** GIVEN DATA follows **

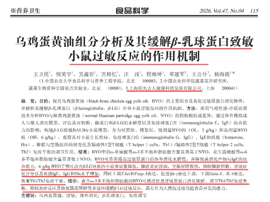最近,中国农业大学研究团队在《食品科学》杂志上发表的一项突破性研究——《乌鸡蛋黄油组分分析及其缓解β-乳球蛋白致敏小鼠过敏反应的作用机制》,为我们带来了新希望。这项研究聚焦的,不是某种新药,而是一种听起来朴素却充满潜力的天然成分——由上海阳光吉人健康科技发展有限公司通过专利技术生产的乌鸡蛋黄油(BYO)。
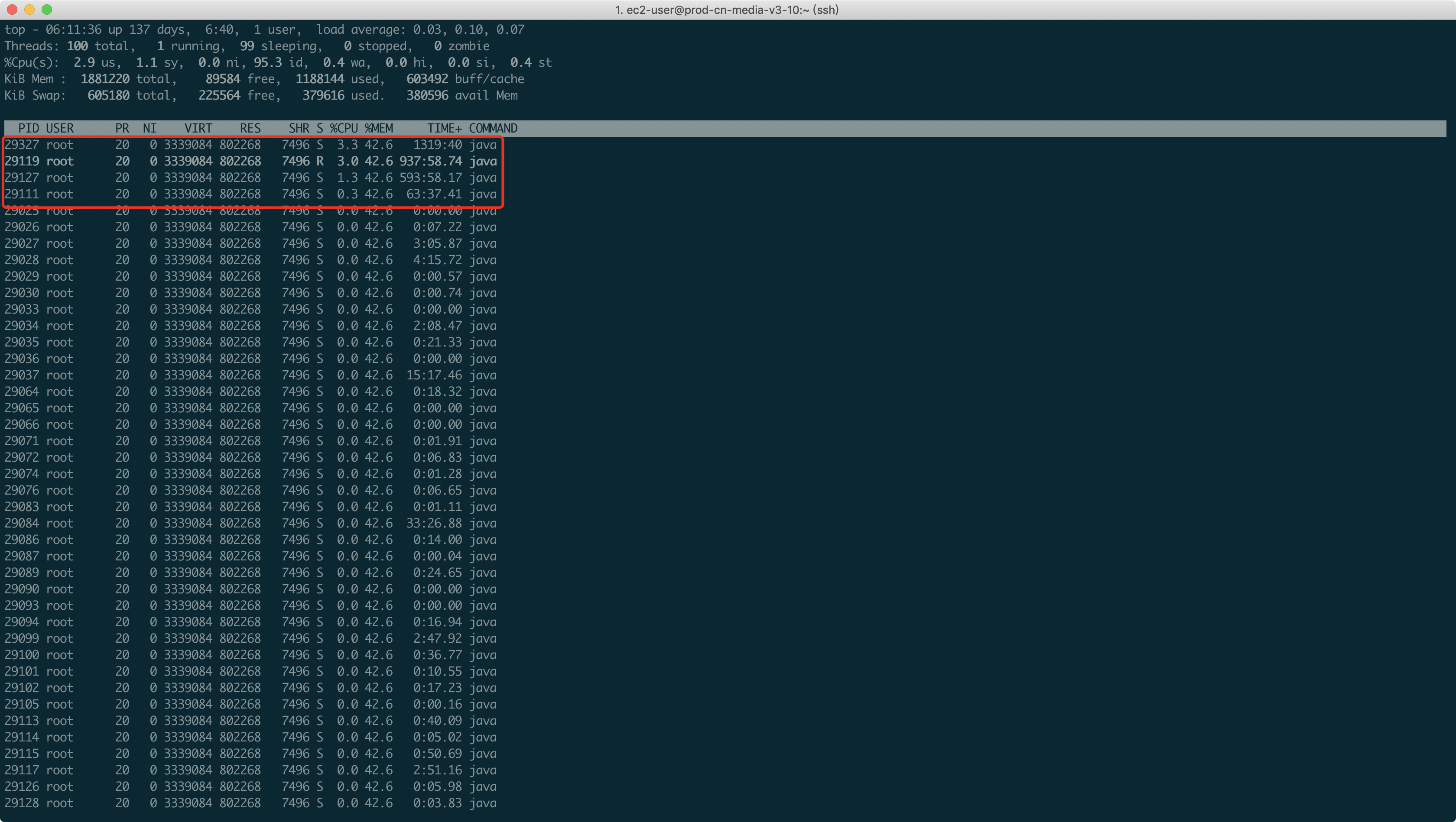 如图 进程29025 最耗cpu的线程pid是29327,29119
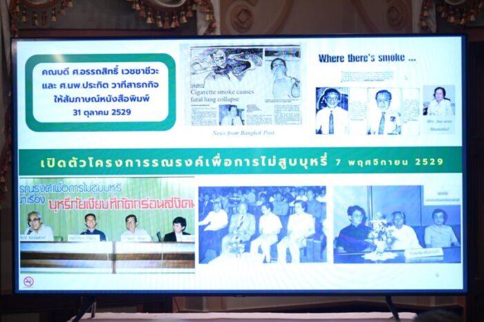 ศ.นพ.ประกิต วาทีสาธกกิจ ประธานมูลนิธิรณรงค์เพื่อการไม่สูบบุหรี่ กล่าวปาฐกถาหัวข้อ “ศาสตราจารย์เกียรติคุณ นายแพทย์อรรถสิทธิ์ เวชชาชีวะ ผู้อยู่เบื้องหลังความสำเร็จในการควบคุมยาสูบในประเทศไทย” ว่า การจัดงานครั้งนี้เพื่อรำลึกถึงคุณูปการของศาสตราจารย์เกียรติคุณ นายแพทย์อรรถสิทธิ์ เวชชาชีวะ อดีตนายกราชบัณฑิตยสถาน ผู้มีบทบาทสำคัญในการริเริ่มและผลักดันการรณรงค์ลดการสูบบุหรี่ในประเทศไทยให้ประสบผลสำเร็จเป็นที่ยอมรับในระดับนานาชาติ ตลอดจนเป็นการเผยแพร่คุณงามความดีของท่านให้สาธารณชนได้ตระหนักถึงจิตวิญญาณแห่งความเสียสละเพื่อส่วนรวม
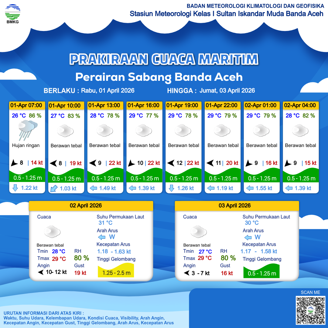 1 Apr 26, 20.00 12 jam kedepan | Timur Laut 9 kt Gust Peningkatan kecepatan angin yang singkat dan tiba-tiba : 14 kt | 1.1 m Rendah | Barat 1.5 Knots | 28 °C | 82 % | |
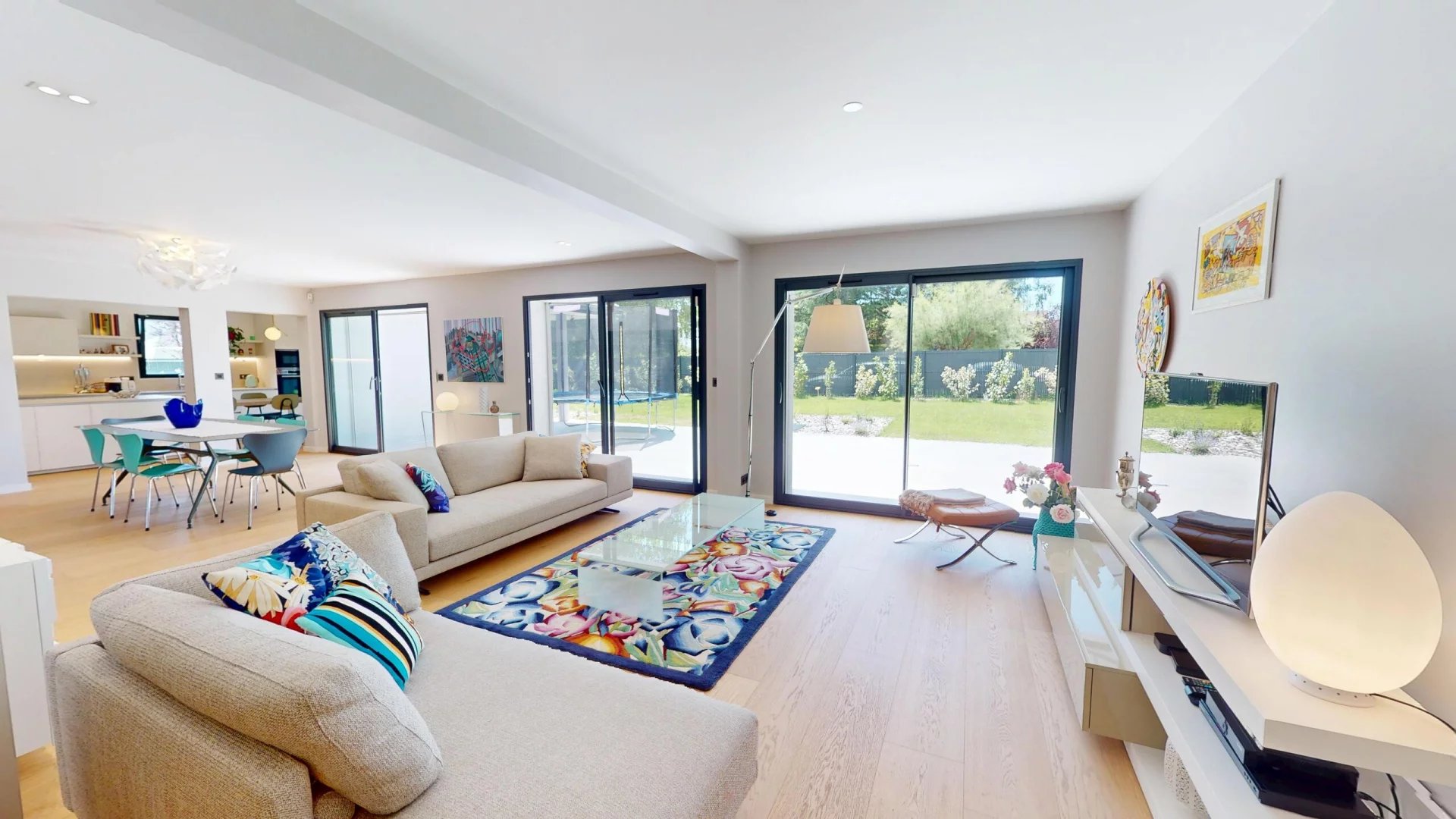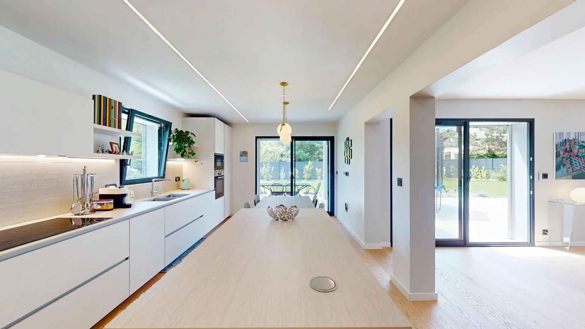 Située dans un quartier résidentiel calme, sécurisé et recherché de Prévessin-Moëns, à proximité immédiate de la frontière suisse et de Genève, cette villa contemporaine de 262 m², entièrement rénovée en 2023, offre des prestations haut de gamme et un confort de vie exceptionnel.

** End of GIVEN DATA **
** GIVEN DATA follows **

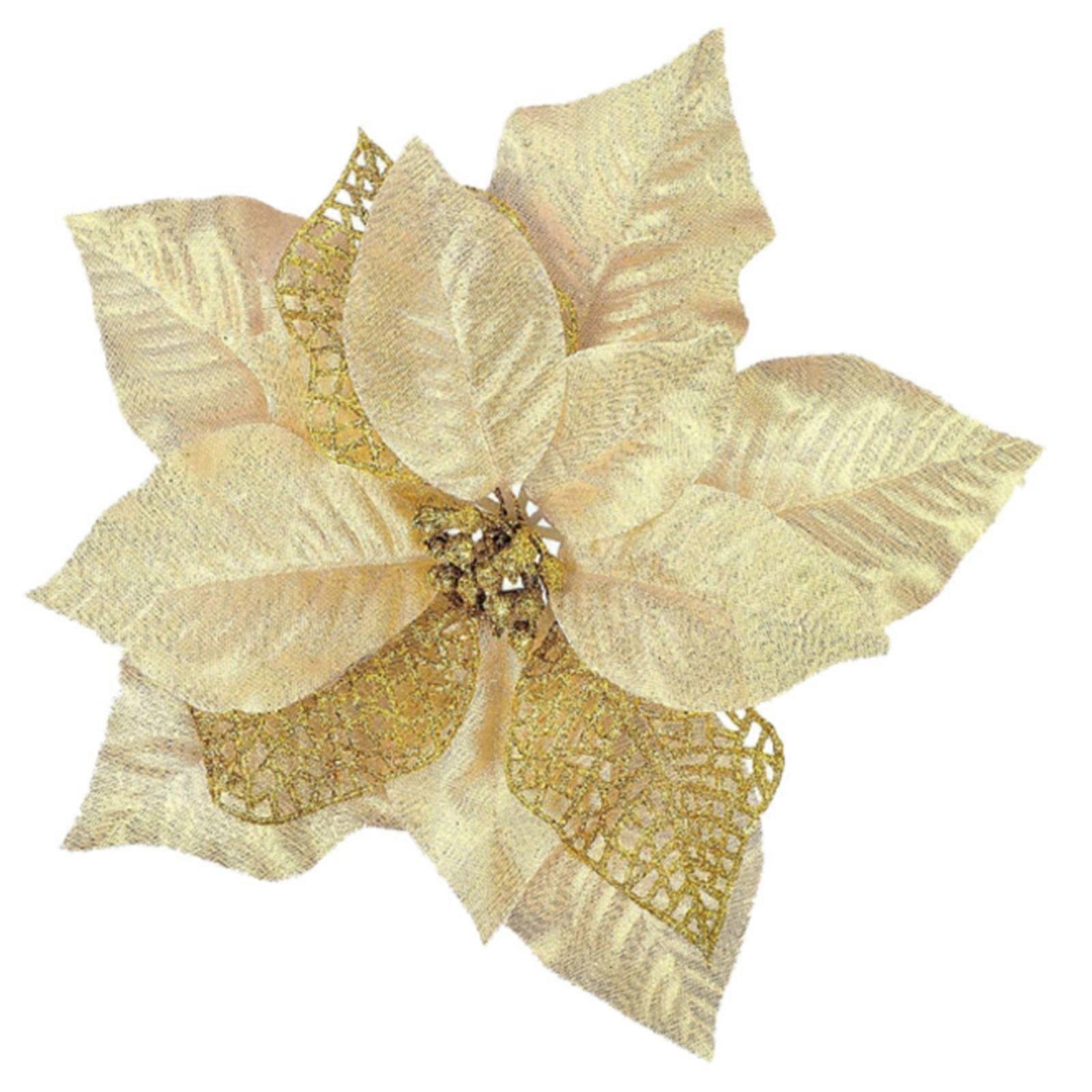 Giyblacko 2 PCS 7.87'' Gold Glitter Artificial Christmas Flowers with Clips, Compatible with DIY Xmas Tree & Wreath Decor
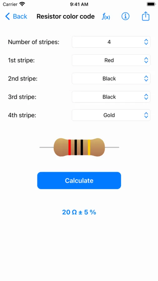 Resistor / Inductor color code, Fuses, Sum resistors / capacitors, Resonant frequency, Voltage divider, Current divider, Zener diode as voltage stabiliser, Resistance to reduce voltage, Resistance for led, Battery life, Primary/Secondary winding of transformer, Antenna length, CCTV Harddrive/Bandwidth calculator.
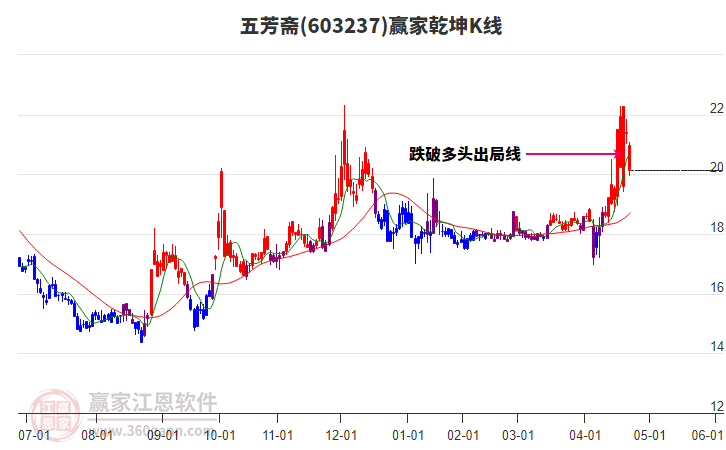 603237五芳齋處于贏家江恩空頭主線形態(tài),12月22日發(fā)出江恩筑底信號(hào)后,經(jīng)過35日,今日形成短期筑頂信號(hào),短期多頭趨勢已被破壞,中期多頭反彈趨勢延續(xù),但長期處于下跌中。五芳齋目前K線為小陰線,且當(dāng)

** End of GIVEN DATA **

From the material above, reproduce only what runs from the line holding "最近,中国农业大学研究团队在" down to the line holding "如图 进程29025 最耗cpu的线程pid是29327,29119", both included, pictures excluded.

最近,中国农业大学研究团队在《食品科学》杂志上发表的一项突破性研究——《乌鸡蛋黄油组分分析及其缓解β-乳球蛋白致敏小鼠过敏反应的作用机制》,为我们带来了新希望。这项研究聚焦的,不是某种新药,而是一种听起来朴素却充满潜力的天然成分——由上海阳光吉人健康科技发展有限公司通过专利技术生产的乌鸡蛋黄油(BYO)。
 如图 进程29025 最耗cpu的线程pid是29327,29119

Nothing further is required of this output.